# Bib shorts with leggings or long johns for colder temps



## PeterMike (Jul 28, 2016)

Hi,

I'd like to ask how do you wear bib shorts with pad or normal bicycle shorts with pad combined with leggins for colder temps?

Is it good idea to wear normal leggins for running or thermal long johns under bib shorts?
Please note that I do not have winter cycling shorts, only have thermal merino long johns and under armour heat gear leggins.

How do you wear bottom in colder temps?


----------



## blacksheep5150 (Oct 22, 2014)

I switch to baggy shorts in winter and wear my under armor over bibs or padded liner .then mtb shorts


----------



## PeterMike (Jul 28, 2016)

Great idea I have windproof Warmpeace Spring pants








So long johns/leggins over bib shorts with pad and over that Warmpeace Spring pants.

I guess long johns/leggins under bib shorts with pad isn't good idea, right?


----------



## d365 (Jun 13, 2006)

chamois always goes next to the skin.


----------



## blacksheep5150 (Oct 22, 2014)

Anything under the chamois will produced major saddle sores , I learned that the hard way .. Lol


----------



## Legbacon (Jan 20, 2004)

Bibs, knee or leg warmers, and outer baggies.

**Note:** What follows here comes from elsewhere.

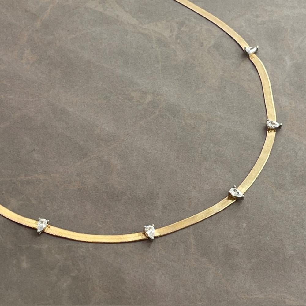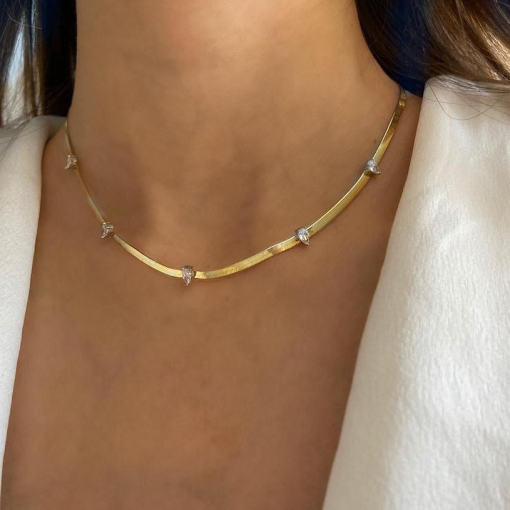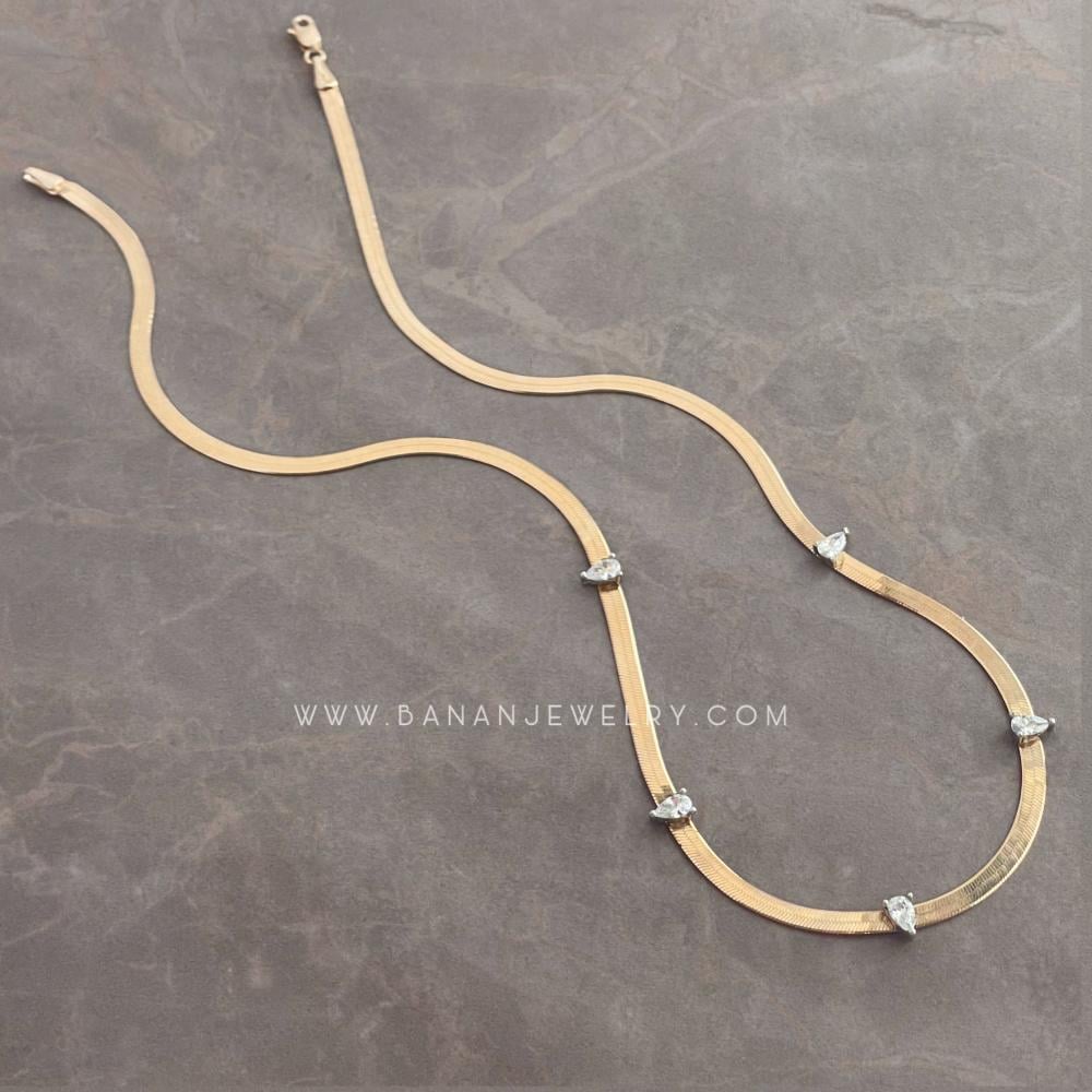 عقد فلات من الفضه عيار ٩٢٥ مطلية بالذهب مزبنة بأحجار ماركيز

Cycling tights over the bigs and leg warmers if it's quite cold. knee and leg warmers are very versatile and can even be worn together.


----------



## MSU Alum (Aug 8, 2009)

Also, if you can keep your core temp up by insulating your torso more, you don't need leg covering as much.


----------



## Legbacon (Jan 20, 2004)

Keep your knees warm, they will age better.


----------



## PeterMike (Jul 28, 2016)

I've already have Rogelli softshell knee warmers ( Kniestukken, Softshell ) will try when it will be colder to check if I really need thermo long johns or running leggins over the bib shorts with pad.

MSU Alum I have tendency to overheating and I've almost always sweat back, but with colder tems even if I'm sweat my fingers and toes are cold, have to look at warm pair of gloves and maybe merino socks.


----------



## PUNKY (Apr 26, 2010)

Wear knee pads or the newer pedal armour which is pretty close to a pair of knee warmers with some soft armour attached to it. Or get a pair of thermal bibs or thermal knicker bibs.

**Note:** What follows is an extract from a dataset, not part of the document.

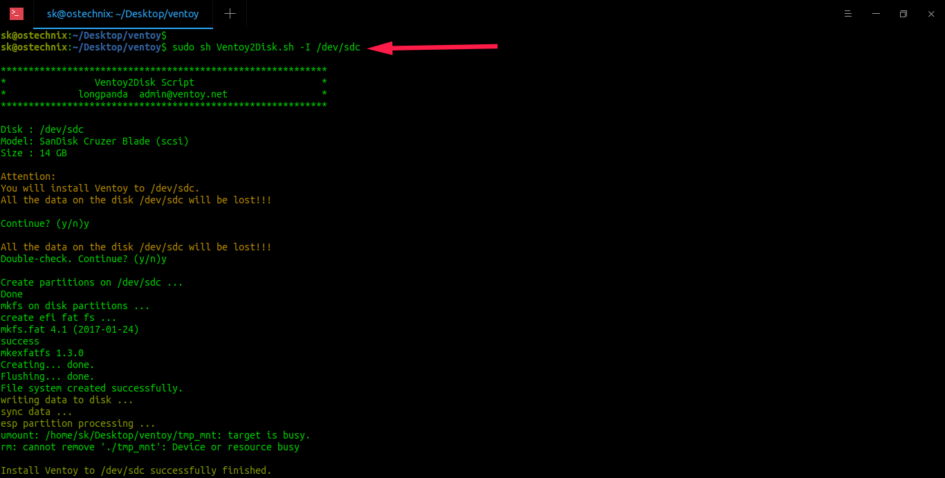 Теперь запустите следующую команду, чтобы создать мульти-загрузочный USB-диск:

I picked up a pair of Icebreaker knickers on clear-out and without the bibs, them and my outer shorts are in a constant race to see which one can expose my ass crack the fastest...


----------



## Harold (Dec 23, 2003)

My kit when cold depends a lot on the specifics of the weather.

#1 rule: Layer!

I always start with my summer shorts for the chamois. Next layer might be just knee warmers (I need a new pair, as my current ones are pretty stretched out). The next layer might be just a pair of baselayer pants. It might be both. Or it might be a pair of softshell cycling tights, or some combination of the above. I usually finish by wearing baggies. Basically, they provide extra wind protection over the crotch and for where the femoral artery comes close to the surface on the inner thigh. I consider my "core" to start at the inner thigh and go up to the neck.


----------